AIM OF THE TASK: Span requested from the data below: the line with "sun safety advices" through the line with "8. Kepimo formą", both included. Give only these lines again, exactly, and leave every picture out.
[DATA EXTRACTS Boundary: Start]
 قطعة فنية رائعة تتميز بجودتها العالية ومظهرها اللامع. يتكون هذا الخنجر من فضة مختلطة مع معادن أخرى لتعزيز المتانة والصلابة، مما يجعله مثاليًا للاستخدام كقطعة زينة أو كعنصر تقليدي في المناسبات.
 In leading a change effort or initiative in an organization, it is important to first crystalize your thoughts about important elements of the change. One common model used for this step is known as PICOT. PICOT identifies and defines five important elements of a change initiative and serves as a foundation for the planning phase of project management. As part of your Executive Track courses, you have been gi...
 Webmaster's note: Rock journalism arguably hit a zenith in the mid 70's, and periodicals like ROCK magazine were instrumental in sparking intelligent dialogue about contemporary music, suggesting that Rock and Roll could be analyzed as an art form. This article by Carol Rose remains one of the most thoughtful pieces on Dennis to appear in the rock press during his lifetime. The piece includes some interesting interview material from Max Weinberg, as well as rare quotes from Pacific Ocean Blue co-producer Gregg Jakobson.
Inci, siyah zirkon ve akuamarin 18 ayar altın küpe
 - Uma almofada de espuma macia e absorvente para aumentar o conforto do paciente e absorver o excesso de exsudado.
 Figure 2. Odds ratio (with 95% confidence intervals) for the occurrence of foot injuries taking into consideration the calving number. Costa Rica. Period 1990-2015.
[DATA EXTRACTS Boundary: End]
[DATA EXTRACTS Boundary: Start]
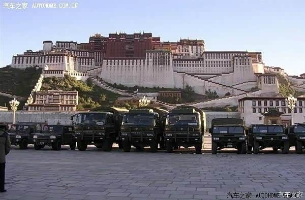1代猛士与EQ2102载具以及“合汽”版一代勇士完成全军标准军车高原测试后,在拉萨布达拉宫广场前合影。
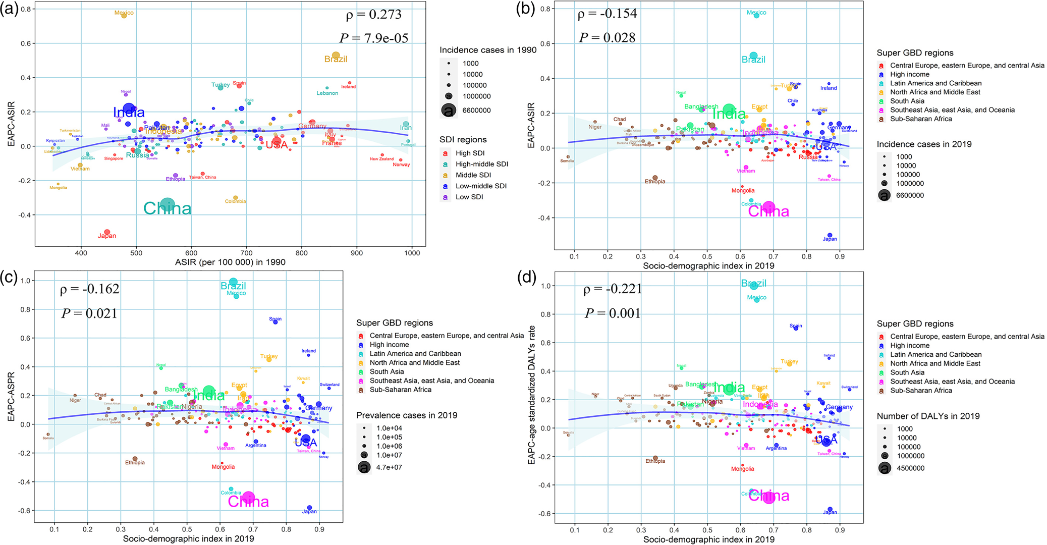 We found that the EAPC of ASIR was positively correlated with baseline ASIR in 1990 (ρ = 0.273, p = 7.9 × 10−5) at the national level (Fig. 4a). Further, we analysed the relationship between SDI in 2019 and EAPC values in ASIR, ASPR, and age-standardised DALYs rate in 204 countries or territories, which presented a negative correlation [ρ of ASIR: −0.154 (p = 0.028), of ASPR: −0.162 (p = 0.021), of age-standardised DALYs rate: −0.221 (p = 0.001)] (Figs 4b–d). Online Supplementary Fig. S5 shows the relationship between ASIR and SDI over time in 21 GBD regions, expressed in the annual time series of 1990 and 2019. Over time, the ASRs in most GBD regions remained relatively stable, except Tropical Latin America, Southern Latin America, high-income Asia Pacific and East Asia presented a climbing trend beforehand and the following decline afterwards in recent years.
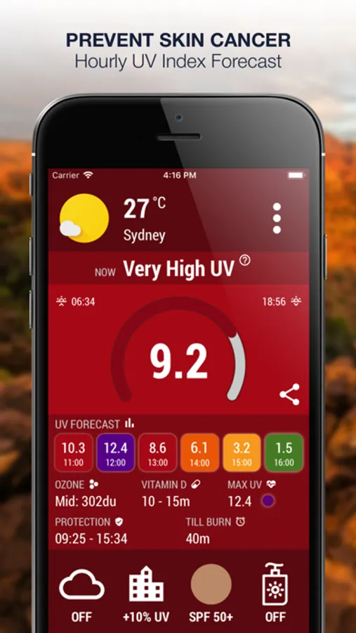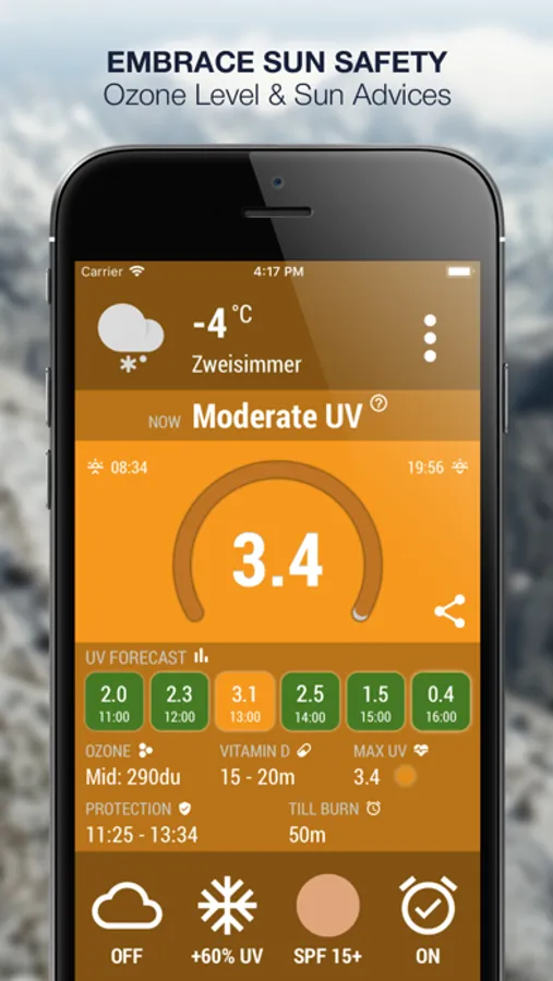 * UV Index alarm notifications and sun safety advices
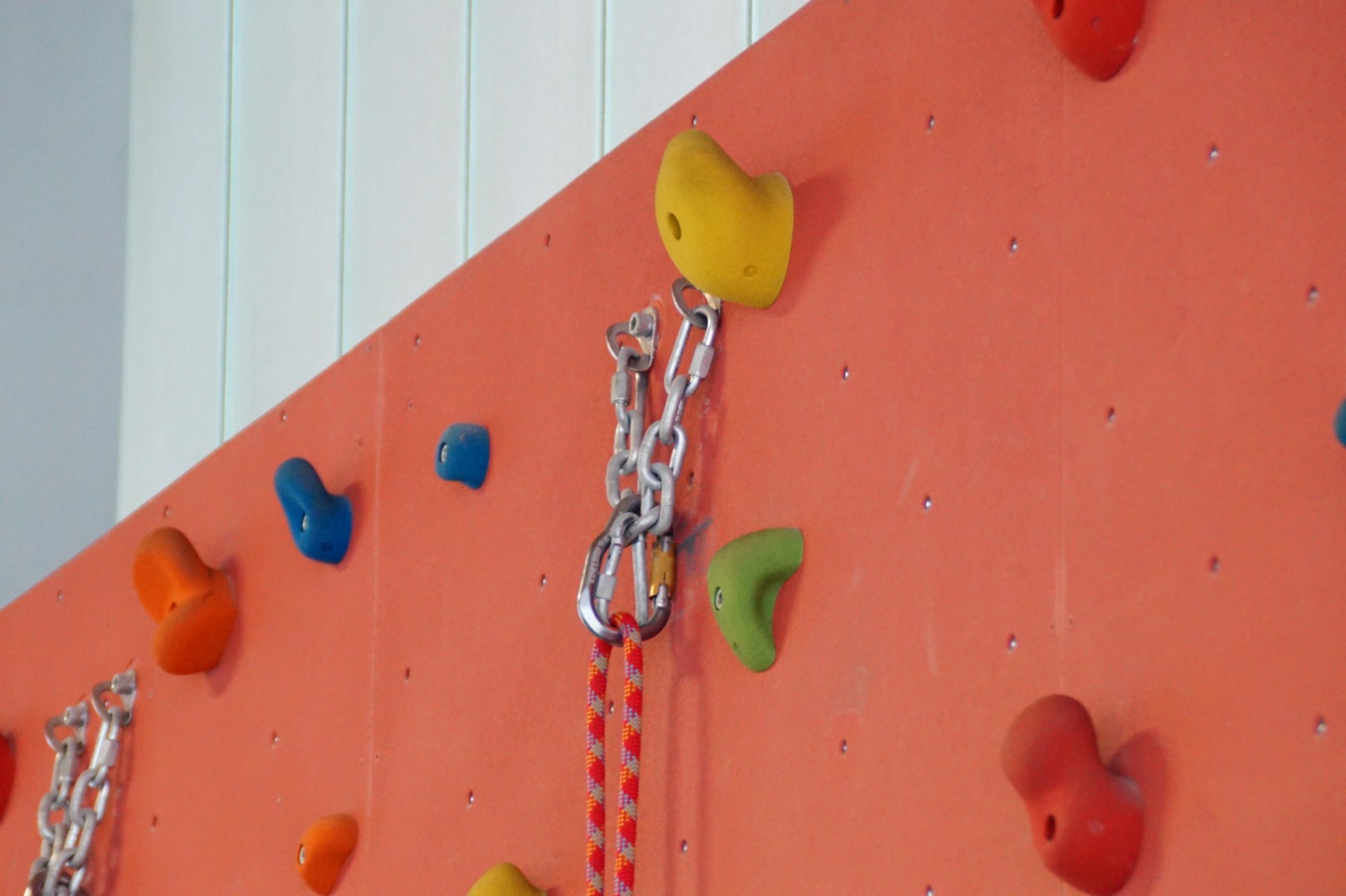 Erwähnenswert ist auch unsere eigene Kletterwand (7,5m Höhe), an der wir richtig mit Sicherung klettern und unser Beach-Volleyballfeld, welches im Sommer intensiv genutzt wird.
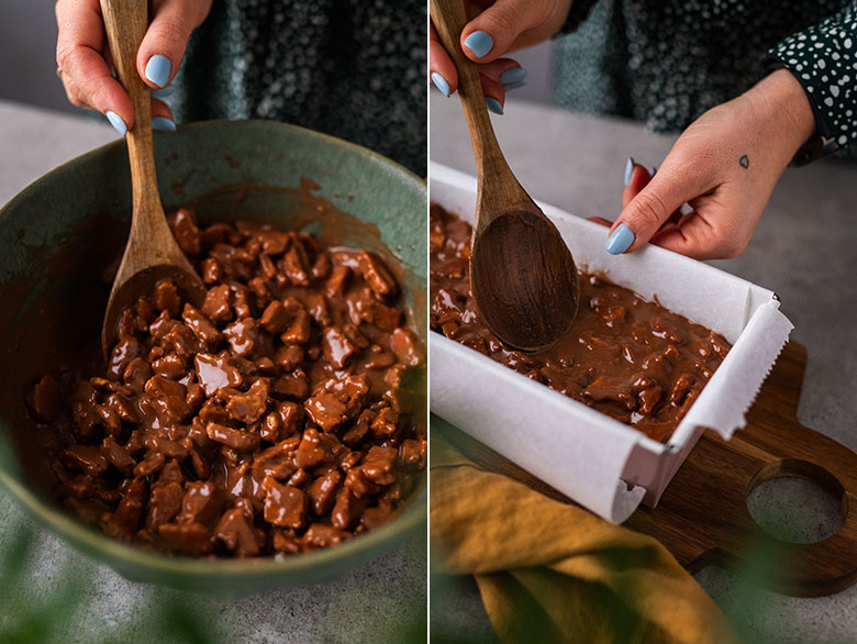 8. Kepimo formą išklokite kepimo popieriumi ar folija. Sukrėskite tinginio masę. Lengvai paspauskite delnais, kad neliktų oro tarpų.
[DATA EXTRACTS Boundary: End]
ANSWER TO THIS PROBLEM:
 * UV Index alarm notifications and sun safety advices
 Erwähnenswert ist auch unsere eigene Kletterwand (7,5m Höhe), an der wir richtig mit Sicherung klettern und unser Beach-Volleyballfeld, welches im Sommer intensiv genutzt wird.
 8. Kepimo formą išklokite kepimo popieriumi ar folija. Sukrėskite tinginio masę. Lengvai paspauskite delnais, kad neliktų oro tarpų.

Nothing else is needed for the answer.